Excerpted records Block Start

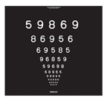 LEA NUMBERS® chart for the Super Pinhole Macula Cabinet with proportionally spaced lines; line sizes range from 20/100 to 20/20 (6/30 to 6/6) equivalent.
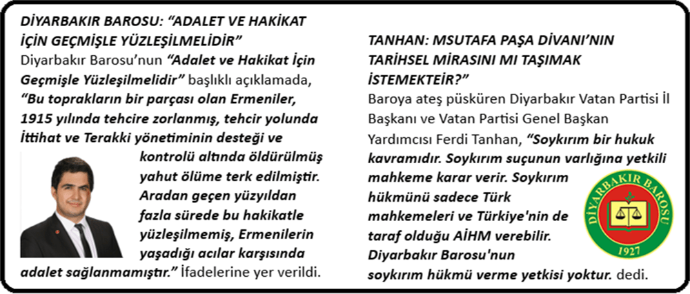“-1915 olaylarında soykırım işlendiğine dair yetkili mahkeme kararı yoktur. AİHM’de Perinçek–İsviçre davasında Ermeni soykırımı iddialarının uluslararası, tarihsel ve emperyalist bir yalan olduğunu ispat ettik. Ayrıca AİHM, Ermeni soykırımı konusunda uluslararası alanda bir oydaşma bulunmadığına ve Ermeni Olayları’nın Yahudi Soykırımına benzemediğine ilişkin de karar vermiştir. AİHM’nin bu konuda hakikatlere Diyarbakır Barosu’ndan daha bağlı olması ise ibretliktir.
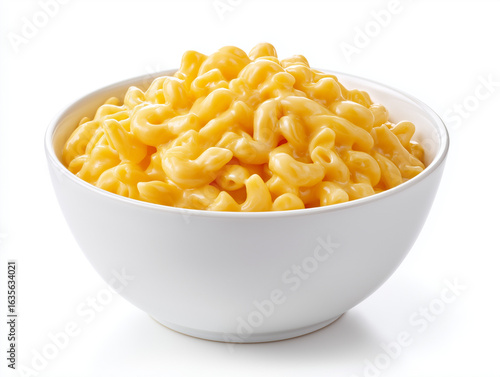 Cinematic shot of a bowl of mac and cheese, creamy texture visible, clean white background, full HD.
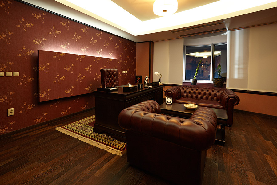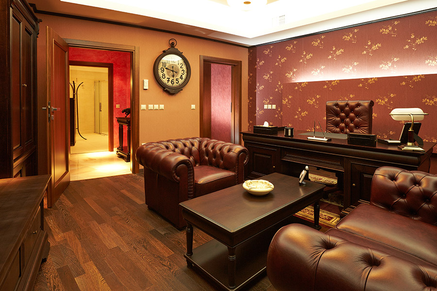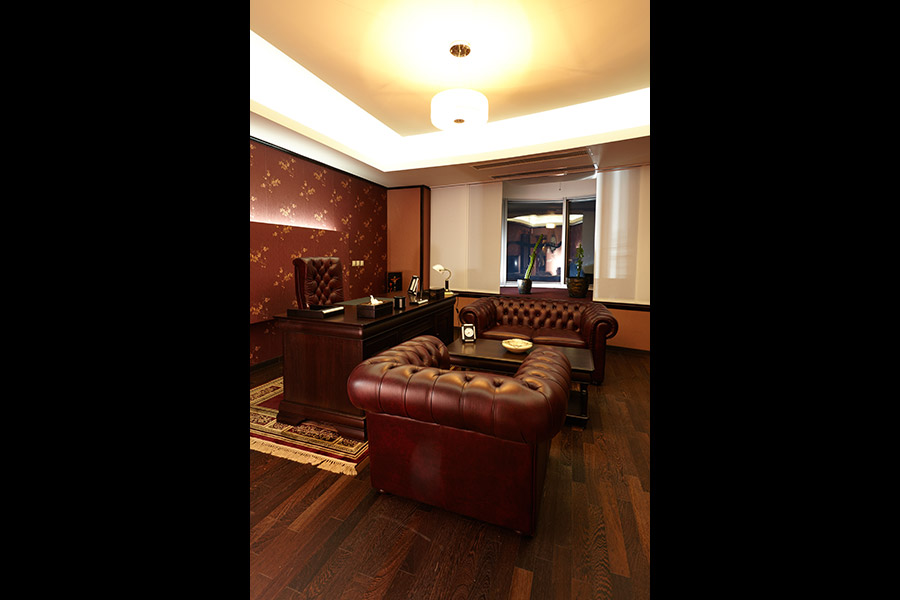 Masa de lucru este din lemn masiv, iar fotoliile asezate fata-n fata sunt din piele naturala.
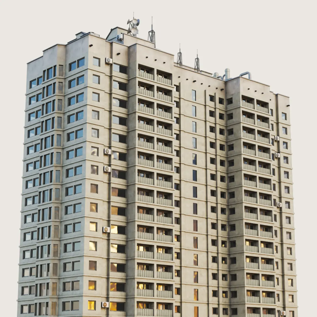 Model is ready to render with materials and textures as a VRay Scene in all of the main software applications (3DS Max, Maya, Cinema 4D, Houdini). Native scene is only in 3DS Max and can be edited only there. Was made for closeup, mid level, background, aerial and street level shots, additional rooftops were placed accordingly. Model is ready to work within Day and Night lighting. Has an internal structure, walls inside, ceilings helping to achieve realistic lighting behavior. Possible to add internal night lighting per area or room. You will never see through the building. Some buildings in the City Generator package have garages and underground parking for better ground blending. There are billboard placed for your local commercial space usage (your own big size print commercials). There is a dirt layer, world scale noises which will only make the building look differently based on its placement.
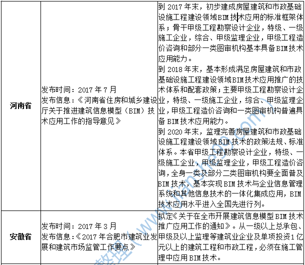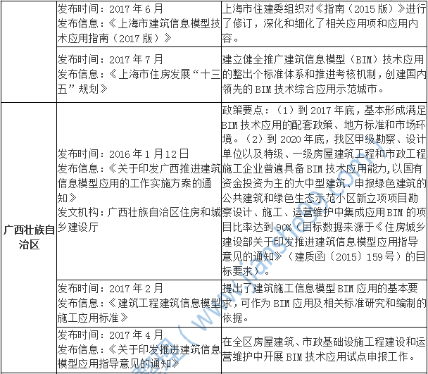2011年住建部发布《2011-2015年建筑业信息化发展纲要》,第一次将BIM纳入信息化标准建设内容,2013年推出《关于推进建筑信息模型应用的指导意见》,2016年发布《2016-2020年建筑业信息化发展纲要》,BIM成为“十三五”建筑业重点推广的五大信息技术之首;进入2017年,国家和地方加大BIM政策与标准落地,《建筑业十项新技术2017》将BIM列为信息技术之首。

Excerpted records Block End

_Work required:_ Your answer should be the lines from the opening of the records through the line with "Masa de lucru", both ends retyped exactly and pictures left out.

_Solved exercise:_
 LEA NUMBERS® chart for the Super Pinhole Macula Cabinet with proportionally spaced lines; line sizes range from 20/100 to 20/20 (6/30 to 6/6) equivalent.
“-1915 olaylarında soykırım işlendiğine dair yetkili mahkeme kararı yoktur. AİHM’de Perinçek–İsviçre davasında Ermeni soykırımı iddialarının uluslararası, tarihsel ve emperyalist bir yalan olduğunu ispat ettik. Ayrıca AİHM, Ermeni soykırımı konusunda uluslararası alanda bir oydaşma bulunmadığına ve Ermeni Olayları’nın Yahudi Soykırımına benzemediğine ilişkin de karar vermiştir. AİHM’nin bu konuda hakikatlere Diyarbakır Barosu’ndan daha bağlı olması ise ibretliktir.
 Cinematic shot of a bowl of mac and cheese, creamy texture visible, clean white background, full HD.
 Masa de lucru este din lemn masiv, iar fotoliile asezate fata-n fata sunt din piele naturala.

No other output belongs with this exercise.